I'm facing a problem in which I need to figure out two things:
- which predictor, out of several relevant ones, is the most meaningful one in its effect/predictive power over a predicted variable.
- the order of meaningfulness (from most meaningful to least) across those different predictors.
As I do not have an a-priory hypothesis about this investigation, I thought I should be doing some sort of multiple regression analysis. Then, perhaps I should be extracting the terms from the model and see which one is the most meaningful. I already know that going by p-value
isn't the right way. Then what is?
Example
Let's say that I want to investigate which factors affect the well-being of city residents. I sample people (residents) from both New York City and San Francisco, and ask them to rate:
- Their general satisfaction from their city.

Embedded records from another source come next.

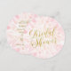 convites de chá de panela bonitos com uma bela ilustração vetorial de um diamante rosa e um texto de folha de ouro falso.
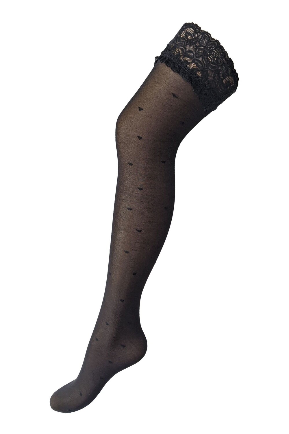 Чулки любви в стиле декаданс плотностью 15 ден с сердечками Pour Moi, черный
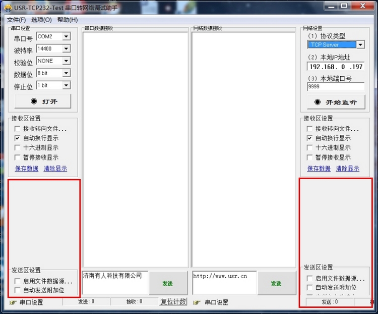 運(yùn)行軟件“USR-TCP232-Test”時(shí)打開呈現(xiàn)如下界面:
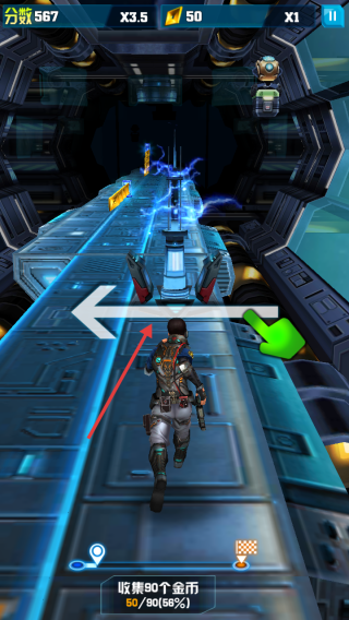 2、跟随箭头指示方向移动角色,收集金币,同时注意躲避障碍,完成【收集90个金币】等任务。
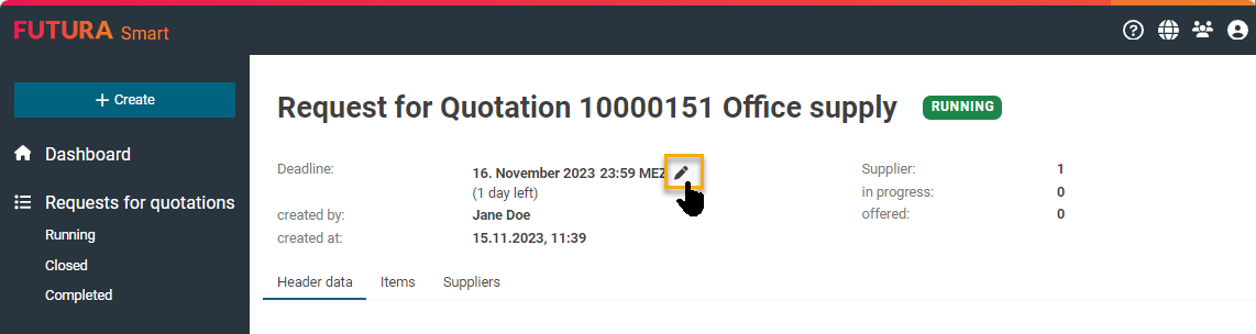 If necessary, you can change the submission deadline. You can take this measure if, for example, you want to give suppliers more time to prepare their quotations.

- How clean their city (in their opinion)
- How good the level of education in schools
- How good the public transportation.
The way I see this, there are 3 relevant variables here (cleanliness, education, and transportation) that may be related to overall satisfaction. I want to model this relationship, and conclude how different NYC from SF is. For example, when it comes to overall satisfaction, is the impact of education > transportation > cleanliness in NYC, whereas in SF transportation > education > cleanliness?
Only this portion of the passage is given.